Причудник сон, искусный постановщик,

Являет нам в театре эфемерном

Видений рой, пленяющих сердца.

В XVIII веке Аддисон выскажет это более точно: «Когда душа видит сны, – пишет Аддисон, – она – театр, актеры и аудитория». Задолго до него перс Омар Хайям писал, что история мира – это представление[2], которое Бог, множественный Бог пантеистов, замышляет, разыгрывает и созерцает, дабы развлечься в вечном своем бытии; много позже швейцарец Юнг в увлекательных и, бесспорно, научных книгах сопоставит вымыслы литературные с вымыслами сновидений, литературу – со снами.

Если литература есть сон – сон направляемый и обдуманный, но в основе своей сон, то вполне уместно, чтобы стихи Гонгоры послужили эпиграфом к этой истории американской литературы и чтобы мы начали ее с рассмотрения сновидца Готорна. Несколько раньше него выступили другие американские писатели – Фенимор Купер, подобие нашего Эдуардо Гутьерреса, но куда менее значительное; Вашингтон Ирвинг, создатель приятных испанских историй[3], однако их обоих мы можем без всякого ущерба пропустить.

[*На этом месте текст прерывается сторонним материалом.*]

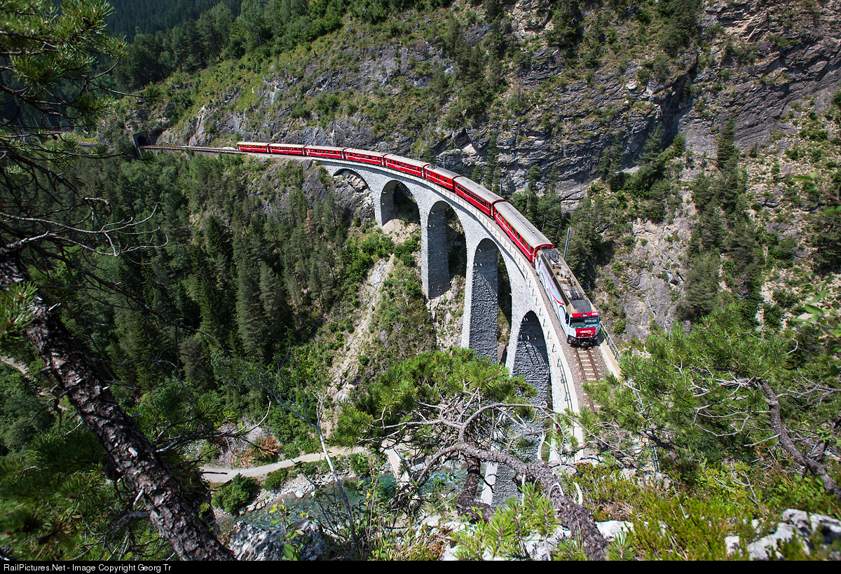 | Ge 4/4 III # 650 of the RhB is wearing a special paint scheme for UNESCO World Heritage Albula Bernina, with a stylized picture of the Landwasser viaduct on the sides. In this proper moment, the locomotive is just pulling RegioExpress 1141 from Chur to St.Moritz over this 65 meter high Landmark of the Albula line. |

Готорн родился в 1804 году, в портовом городе Сейлеме. В ту пору Сейлем уже отличался двумя для Америки ненормальными чертами: то был город хотя и бедный, но очень старый, причем город в состоянии упадка. В этом старом, угасающем городе с библейским названием Готорн прожил до 1836 года; он любил его той грустной любовью, которую внушают нам люди, нас не любящие, наши неудачи, болезни, мании; по существу, можно даже сказать, что он никогда от своего города не отдалялся. Пятьдесят лет спустя, в Лондоне или в Риме, он продолжал жить в пуританской деревне Сейлеме – например, тогда, когда в середине XIX века осуждал скульпторов за то, что они ваяют обнаженные фигуры…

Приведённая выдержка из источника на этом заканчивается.